> _Task statement_
Reproduce the listing below from the line with "Київрада часів мера" to the line with "Suasana kebersamaan keluarga", both lines included, character for character, minus any pictures.

============

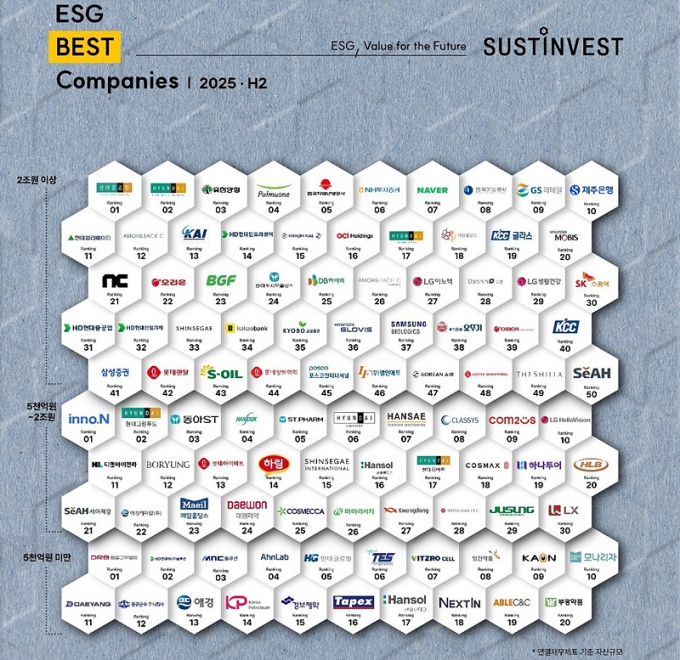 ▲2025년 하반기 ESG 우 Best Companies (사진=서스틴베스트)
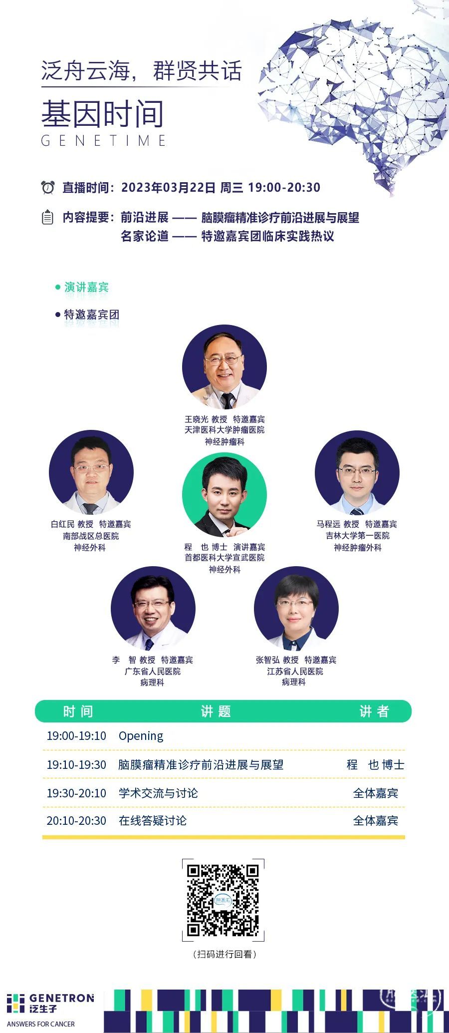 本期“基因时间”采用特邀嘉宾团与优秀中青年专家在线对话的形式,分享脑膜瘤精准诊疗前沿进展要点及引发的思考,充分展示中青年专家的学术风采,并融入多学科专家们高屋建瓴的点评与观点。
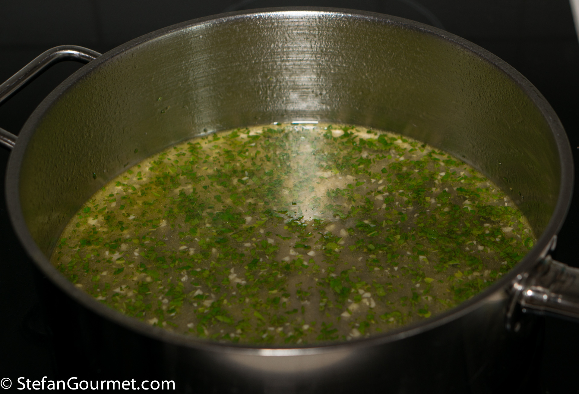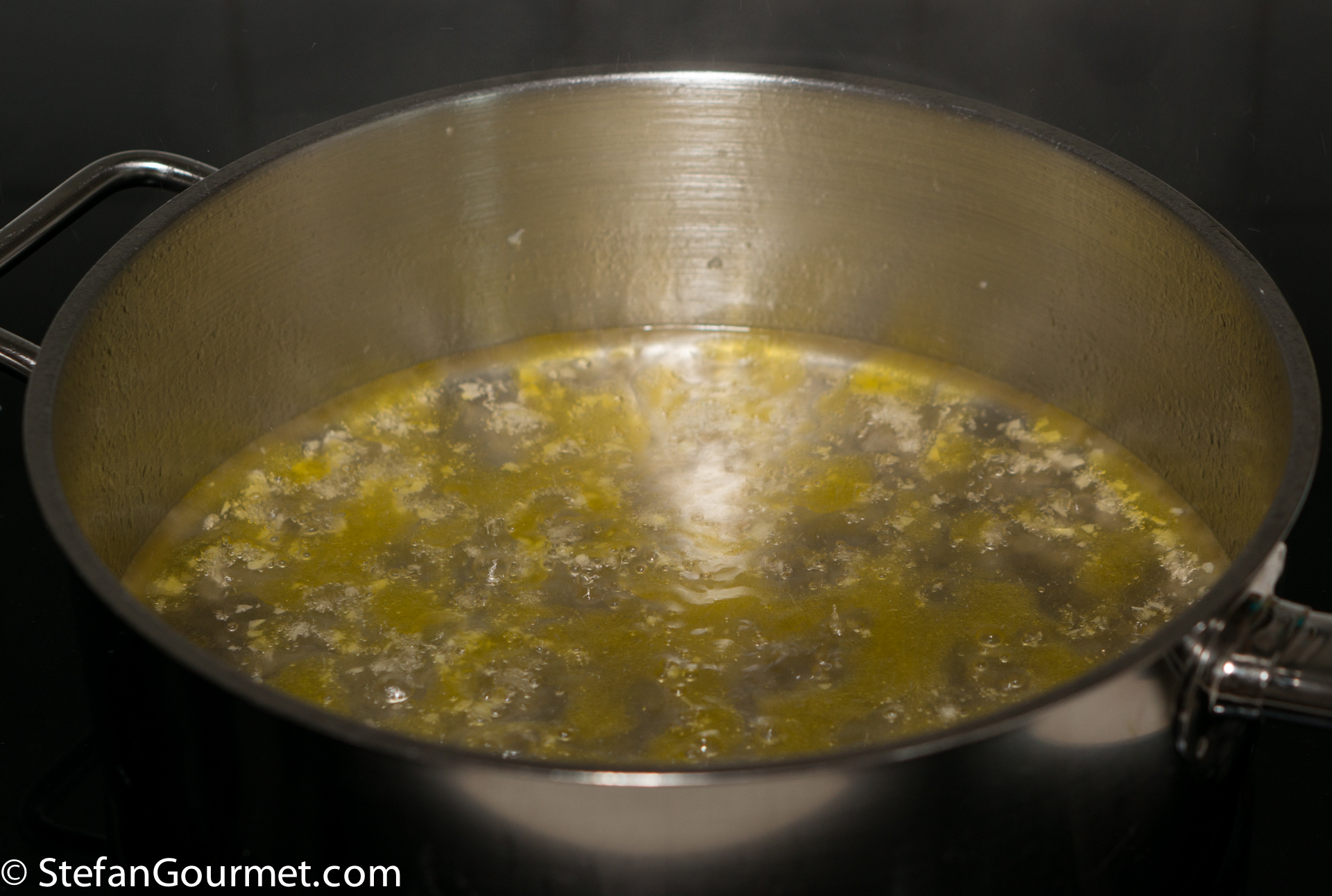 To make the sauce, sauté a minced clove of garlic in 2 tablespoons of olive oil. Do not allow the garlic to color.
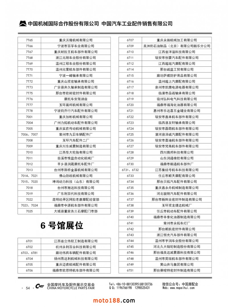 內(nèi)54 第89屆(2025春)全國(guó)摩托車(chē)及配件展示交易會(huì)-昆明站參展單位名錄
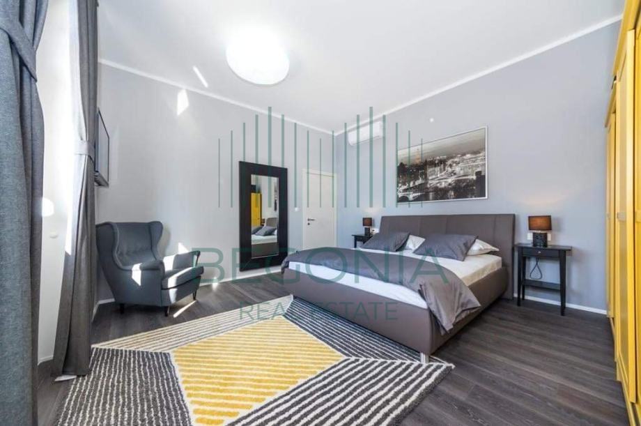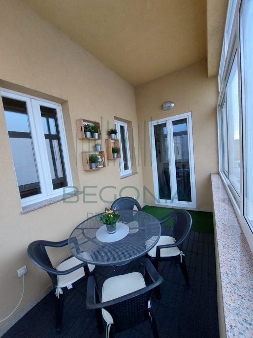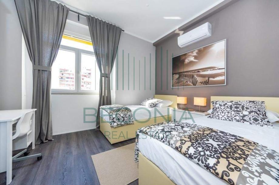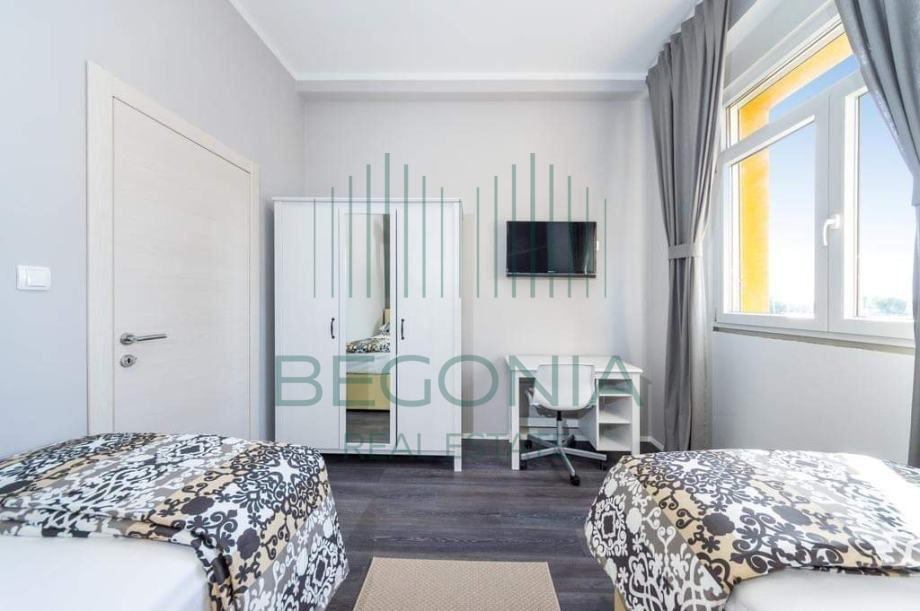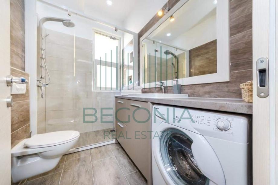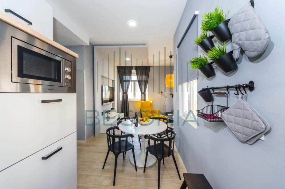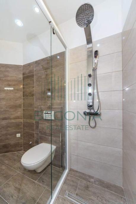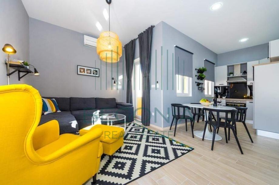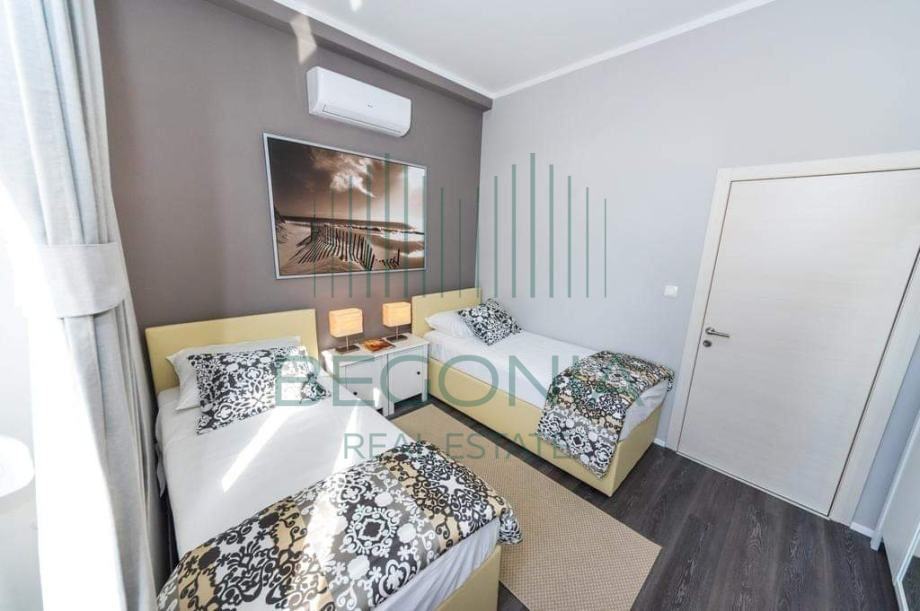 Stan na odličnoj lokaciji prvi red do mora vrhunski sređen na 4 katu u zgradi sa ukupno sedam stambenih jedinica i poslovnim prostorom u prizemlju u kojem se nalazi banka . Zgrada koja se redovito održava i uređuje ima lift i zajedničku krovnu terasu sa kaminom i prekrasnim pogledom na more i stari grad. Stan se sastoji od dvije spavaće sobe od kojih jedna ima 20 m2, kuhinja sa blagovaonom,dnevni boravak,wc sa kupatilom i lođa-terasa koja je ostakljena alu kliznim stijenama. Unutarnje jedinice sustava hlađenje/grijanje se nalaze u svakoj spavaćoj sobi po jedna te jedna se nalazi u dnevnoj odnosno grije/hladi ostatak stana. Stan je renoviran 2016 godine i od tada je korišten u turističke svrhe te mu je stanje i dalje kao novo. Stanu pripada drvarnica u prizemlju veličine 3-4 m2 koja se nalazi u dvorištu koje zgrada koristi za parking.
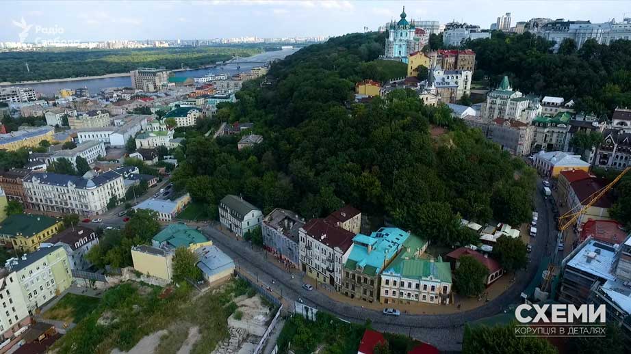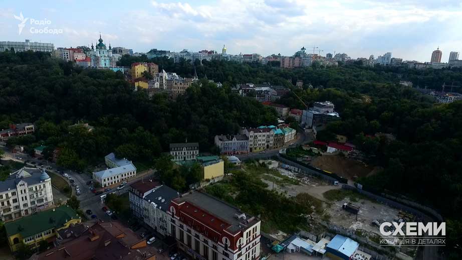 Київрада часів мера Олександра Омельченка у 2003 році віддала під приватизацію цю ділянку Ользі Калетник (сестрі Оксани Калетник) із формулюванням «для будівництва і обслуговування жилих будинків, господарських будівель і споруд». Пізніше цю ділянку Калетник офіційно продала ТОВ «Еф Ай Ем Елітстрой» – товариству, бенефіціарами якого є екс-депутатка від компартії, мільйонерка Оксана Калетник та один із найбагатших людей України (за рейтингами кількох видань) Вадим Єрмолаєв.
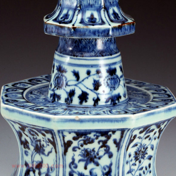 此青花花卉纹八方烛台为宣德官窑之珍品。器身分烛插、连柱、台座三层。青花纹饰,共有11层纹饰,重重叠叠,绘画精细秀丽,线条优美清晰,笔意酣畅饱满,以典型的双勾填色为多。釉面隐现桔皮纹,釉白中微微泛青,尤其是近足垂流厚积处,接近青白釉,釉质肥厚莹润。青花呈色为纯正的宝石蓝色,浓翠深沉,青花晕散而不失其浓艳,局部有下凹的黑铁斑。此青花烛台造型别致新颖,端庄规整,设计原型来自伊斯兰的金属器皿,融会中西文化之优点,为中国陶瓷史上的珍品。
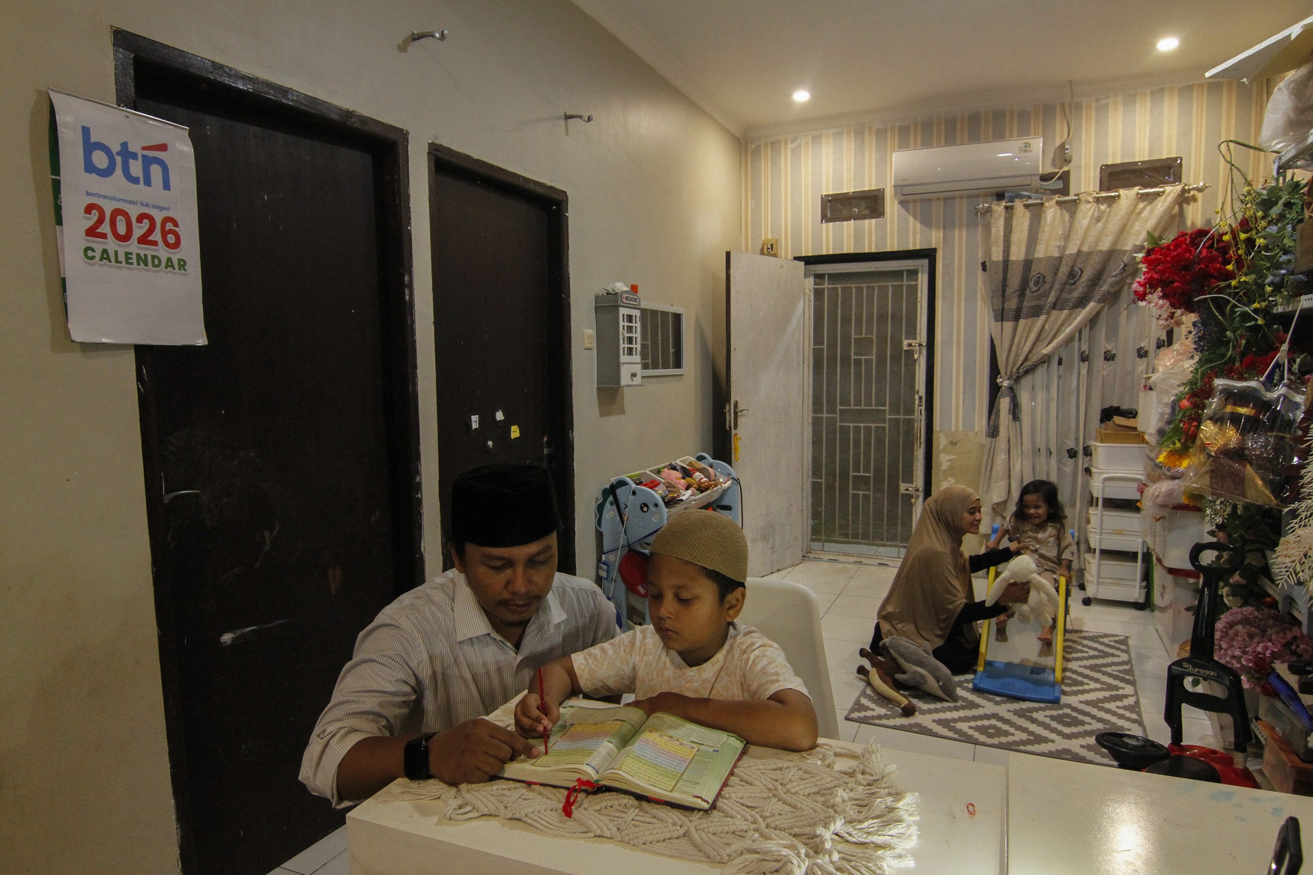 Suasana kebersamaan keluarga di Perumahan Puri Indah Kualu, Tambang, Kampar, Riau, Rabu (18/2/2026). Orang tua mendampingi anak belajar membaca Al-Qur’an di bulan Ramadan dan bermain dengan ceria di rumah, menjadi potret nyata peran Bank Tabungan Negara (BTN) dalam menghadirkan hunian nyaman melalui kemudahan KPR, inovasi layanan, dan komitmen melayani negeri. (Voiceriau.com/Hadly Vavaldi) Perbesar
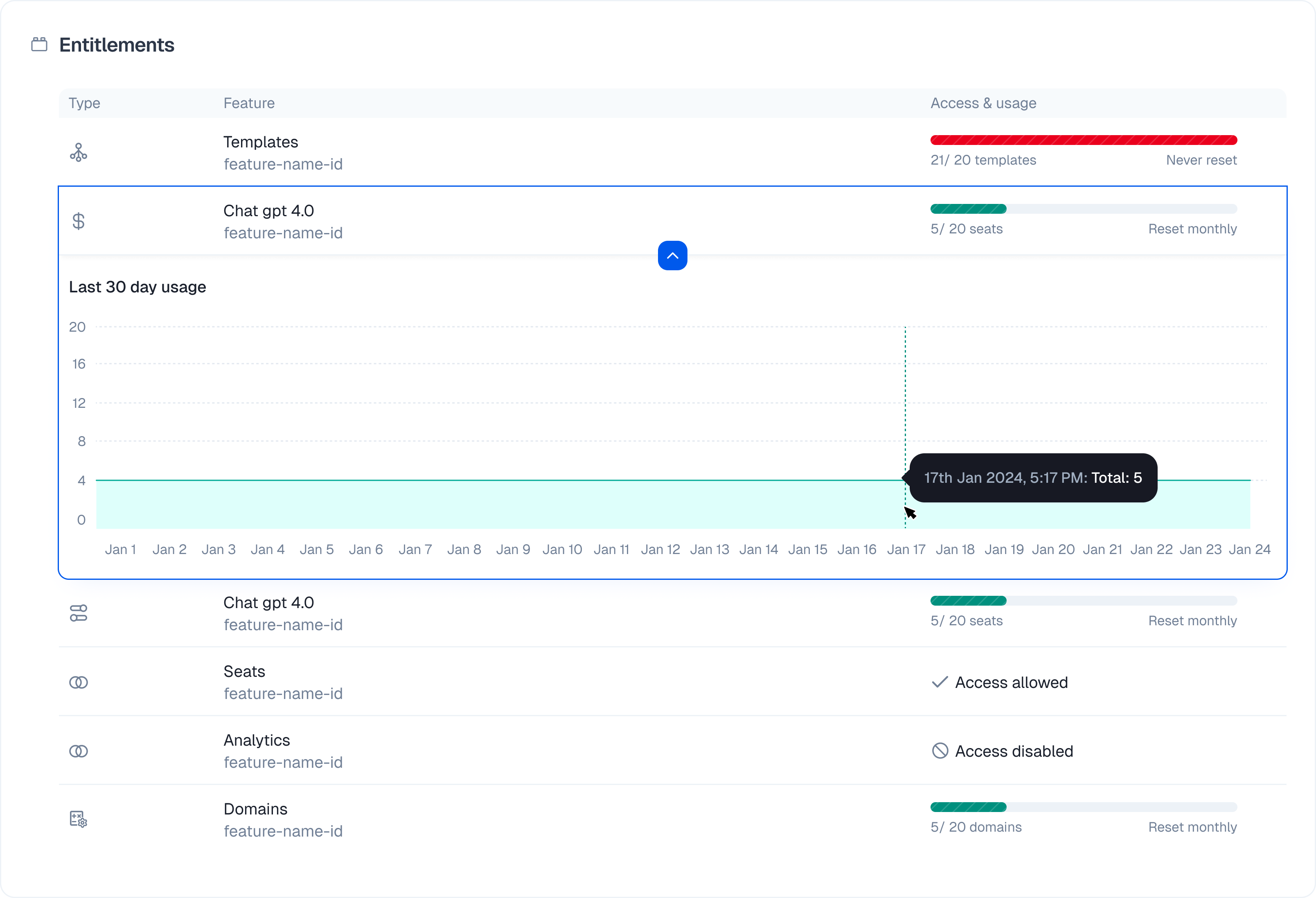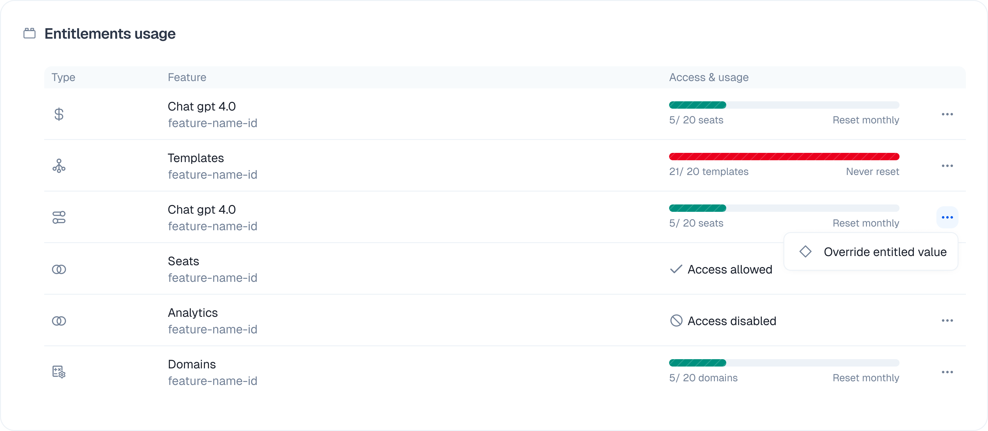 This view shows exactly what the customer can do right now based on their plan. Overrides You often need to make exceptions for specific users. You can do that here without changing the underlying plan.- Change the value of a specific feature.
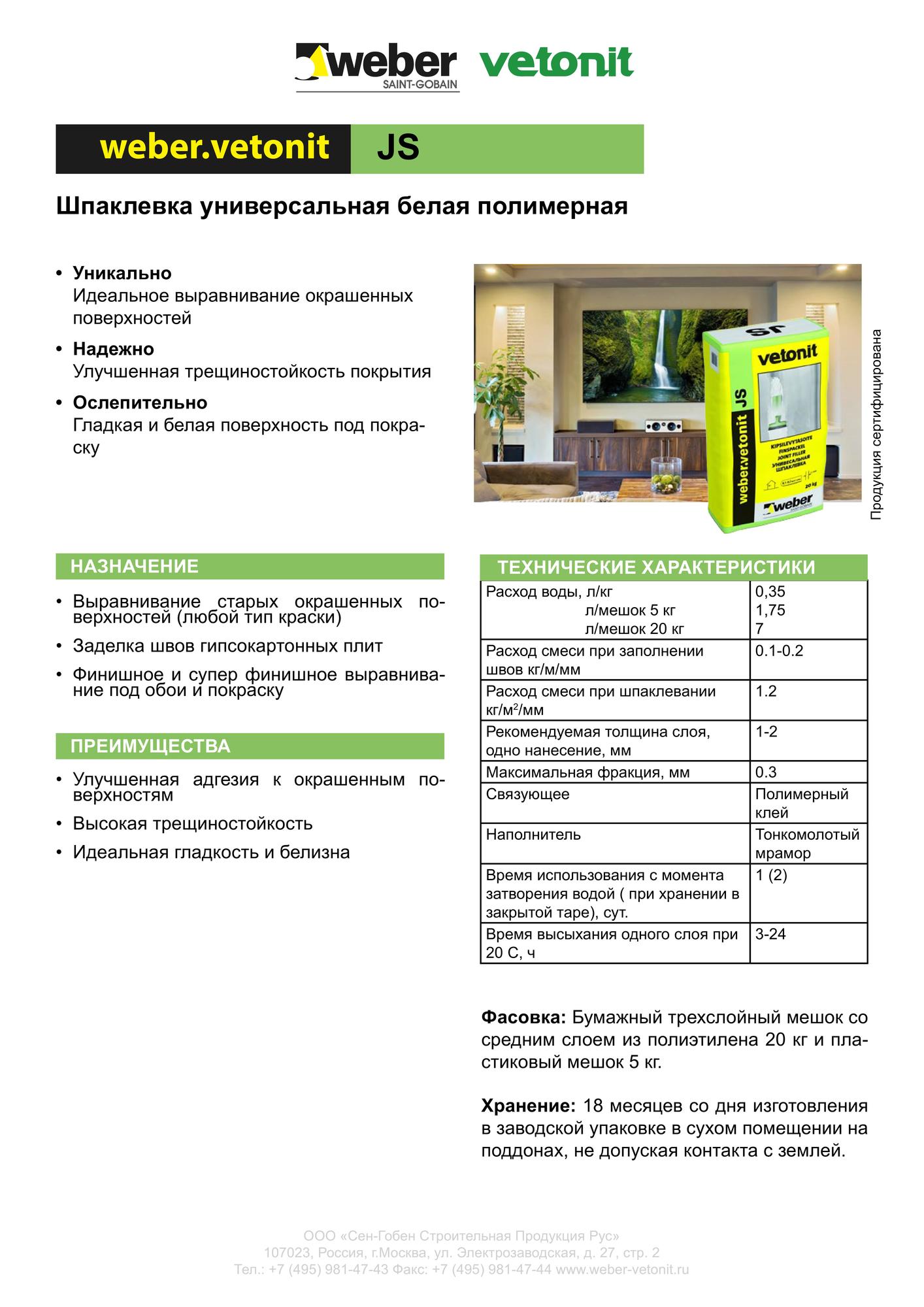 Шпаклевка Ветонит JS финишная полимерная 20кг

============

> _Problem solution_
 Київрада часів мера Олександра Омельченка у 2003 році віддала під приватизацію цю ділянку Ользі Калетник (сестрі Оксани Калетник) із формулюванням «для будівництва і обслуговування жилих будинків, господарських будівель і споруд». Пізніше цю ділянку Калетник офіційно продала ТОВ «Еф Ай Ем Елітстрой» – товариству, бенефіціарами якого є екс-депутатка від компартії, мільйонерка Оксана Калетник та один із найбагатших людей України (за рейтингами кількох видань) Вадим Єрмолаєв.
 此青花花卉纹八方烛台为宣德官窑之珍品。器身分烛插、连柱、台座三层。青花纹饰,共有11层纹饰,重重叠叠,绘画精细秀丽,线条优美清晰,笔意酣畅饱满,以典型的双勾填色为多。釉面隐现桔皮纹,釉白中微微泛青,尤其是近足垂流厚积处,接近青白釉,釉质肥厚莹润。青花呈色为纯正的宝石蓝色,浓翠深沉,青花晕散而不失其浓艳,局部有下凹的黑铁斑。此青花烛台造型别致新颖,端庄规整,设计原型来自伊斯兰的金属器皿,融会中西文化之优点,为中国陶瓷史上的珍品。
 Suasana kebersamaan keluarga di Perumahan Puri Indah Kualu, Tambang, Kampar, Riau, Rabu (18/2/2026). Orang tua mendampingi anak belajar membaca Al-Qur’an di bulan Ramadan dan bermain dengan ceria di rumah, menjadi potret nyata peran Bank Tabungan Negara (BTN) dalam menghadirkan hunian nyaman melalui kemudahan KPR, inovasi layanan, dan komitmen melayani negeri. (Voiceriau.com/Hadly Vavaldi) Perbesar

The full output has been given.